PROBLEM DESCRIPTION -> Write out the entries exactly, pictures excluded.

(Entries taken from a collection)

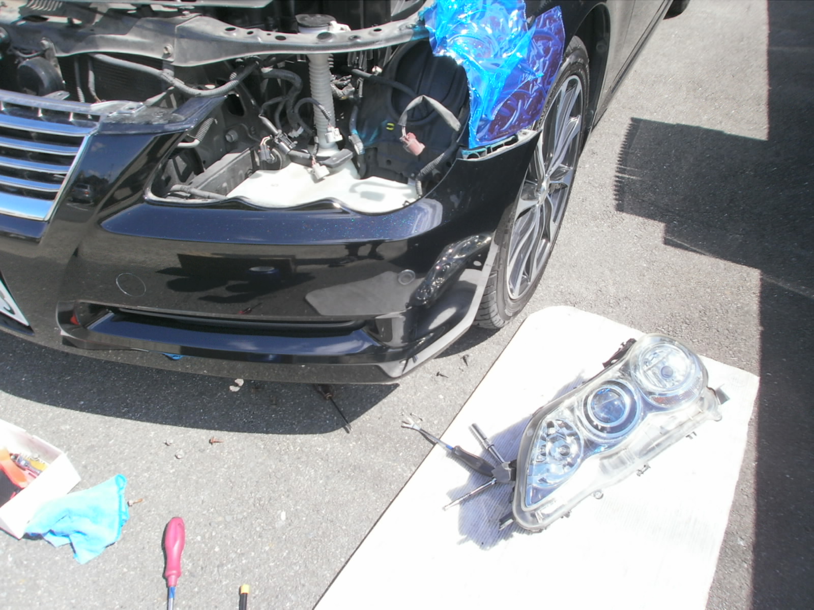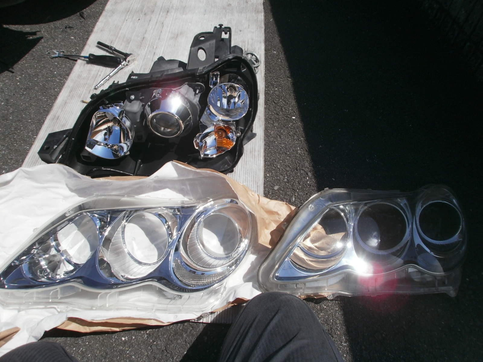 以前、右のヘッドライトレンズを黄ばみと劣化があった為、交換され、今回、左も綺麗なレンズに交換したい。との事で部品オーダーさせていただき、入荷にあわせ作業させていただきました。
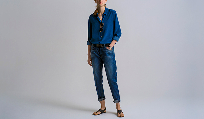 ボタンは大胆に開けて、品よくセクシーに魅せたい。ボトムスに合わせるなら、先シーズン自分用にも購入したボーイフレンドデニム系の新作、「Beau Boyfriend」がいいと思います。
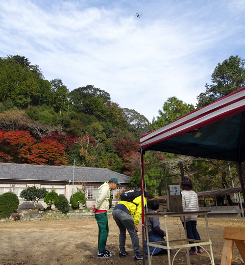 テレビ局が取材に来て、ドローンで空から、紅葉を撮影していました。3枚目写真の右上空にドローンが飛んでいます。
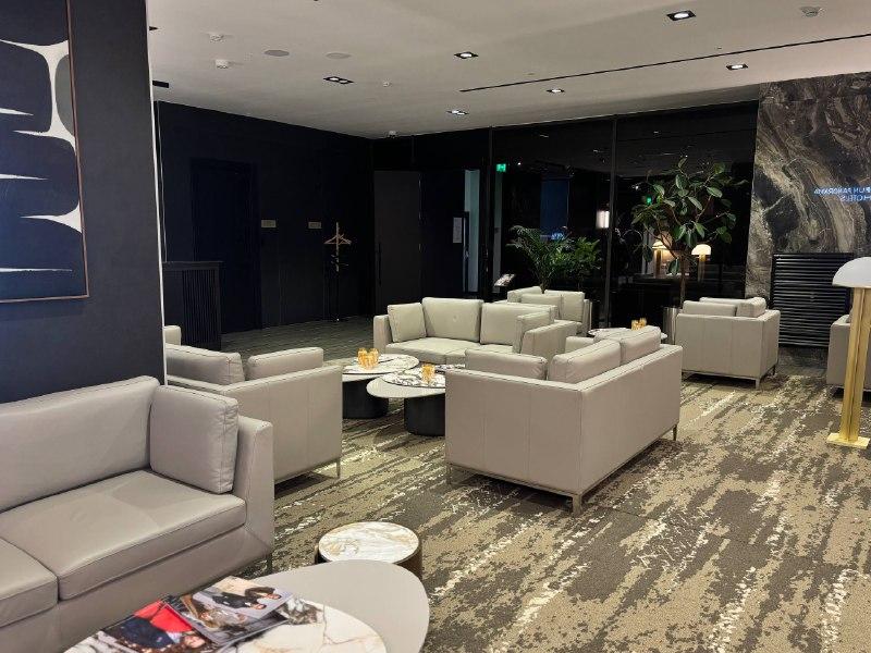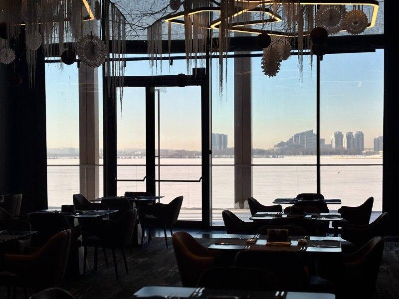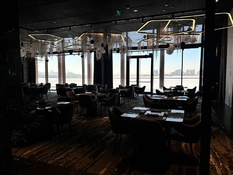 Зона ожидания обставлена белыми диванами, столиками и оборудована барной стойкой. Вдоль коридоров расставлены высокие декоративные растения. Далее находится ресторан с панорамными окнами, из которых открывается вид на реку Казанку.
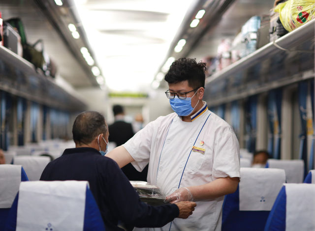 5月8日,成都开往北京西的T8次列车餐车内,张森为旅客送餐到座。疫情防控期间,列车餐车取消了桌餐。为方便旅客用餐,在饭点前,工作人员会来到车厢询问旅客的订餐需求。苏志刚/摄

SOLVED PROBLEM ->
 以前、右のヘッドライトレンズを黄ばみと劣化があった為、交換され、今回、左も綺麗なレンズに交換したい。との事で部品オーダーさせていただき、入荷にあわせ作業させていただきました。
 ボタンは大胆に開けて、品よくセクシーに魅せたい。ボトムスに合わせるなら、先シーズン自分用にも購入したボーイフレンドデニム系の新作、「Beau Boyfriend」がいいと思います。
 テレビ局が取材に来て、ドローンで空から、紅葉を撮影していました。3枚目写真の右上空にドローンが飛んでいます。
 Зона ожидания обставлена белыми диванами, столиками и оборудована барной стойкой. Вдоль коридоров расставлены высокие декоративные растения. Далее находится ресторан с панорамными окнами, из которых открывается вид на реку Казанку.
 5月8日,成都开往北京西的T8次列车餐车内,张森为旅客送餐到座。疫情防控期间,列车餐车取消了桌餐。为方便旅客用餐,在饭点前,工作人员会来到车厢询问旅客的订餐需求。苏志刚/摄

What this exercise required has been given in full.